El castigo. Nos traicionaron. Traicionaron nuestra fe. Traicionaron a su país. En La divina comedia, Dante les asigna a los traidores el noveno y más atroz círculo del infierno, aquel donde los suplicios son más inimaginables, donde gimen de dolor y de horror los peores traidores de la historia: Judas, Bruto, Ganelon, Fray Alberigo.
Tormentos mil veces peores que los que deben arrostrar los lujuriosos, los avaros, los dispendiosos, los violentos, los codiciosos, los mentirosos.
Dante sabía lo que hacía, y conocía bien a la criatura humana: no hay, en efecto, vileza tan ruin como la traición: a la patria, a la familia, al hermano, al amigo, al esposo o la esposa, a sí mismo.

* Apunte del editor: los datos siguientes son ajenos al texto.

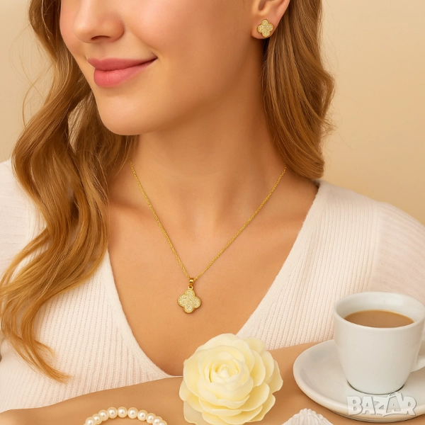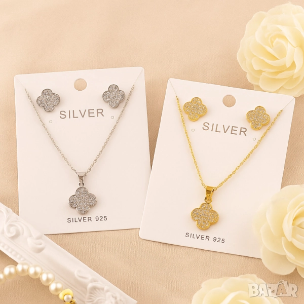 Функции: Елегантно колие + обеци в еднакъв дизайн, избор между златисто и сребристо покритие;

Hizo bien en ubicarlos en el más tenebroso de sus círculos: traicionar la confianza de un ser amado y pretender construir sobre esta infamia la felicidad es, simplemente, la definición pura y perfecta del mal, de la perversidad, de la depravación.
Costa Rica, huérfana de instituciones, traicionada por el poder judicial, carente de líderes y abandonada a la intemperie metafísica, no tiene otra cosa que la Virgen de los Ángeles para depositar su fe, para no caer en el cinismo, el escepticismo, el nihilismo, eso que Max Weber llamaba entzauberung der welt: el desencanto del mundo.
Lo peligroso es que cuando un país no encuentra líderes confiables, carismáticos e intelectualmente vigorosos, se dejará hipnotizar por cualquier flautista de Hamelin, por cualquier loco mesiánico, vociferante, populacherista, ambicioso, psicopático, delirante y pasablemente seductor. Ha ocurrido en muchísimos lugares del mundo, y nosotros no hemos aprendido la lección.
Debilitamiento. Costa Rica, como muchos otros países americanos, atraviesa un período de recesión democrática: los valores democráticos están a la baja en la “bolsa de valores éticos” del mundo.
Las democracias se están debilitando y por doquier van brotando nuevamente las autocracias, floreciendo los megalómanos, los tiranos, los sátrapas, ¡y qué nivel intelectual de sátrapas!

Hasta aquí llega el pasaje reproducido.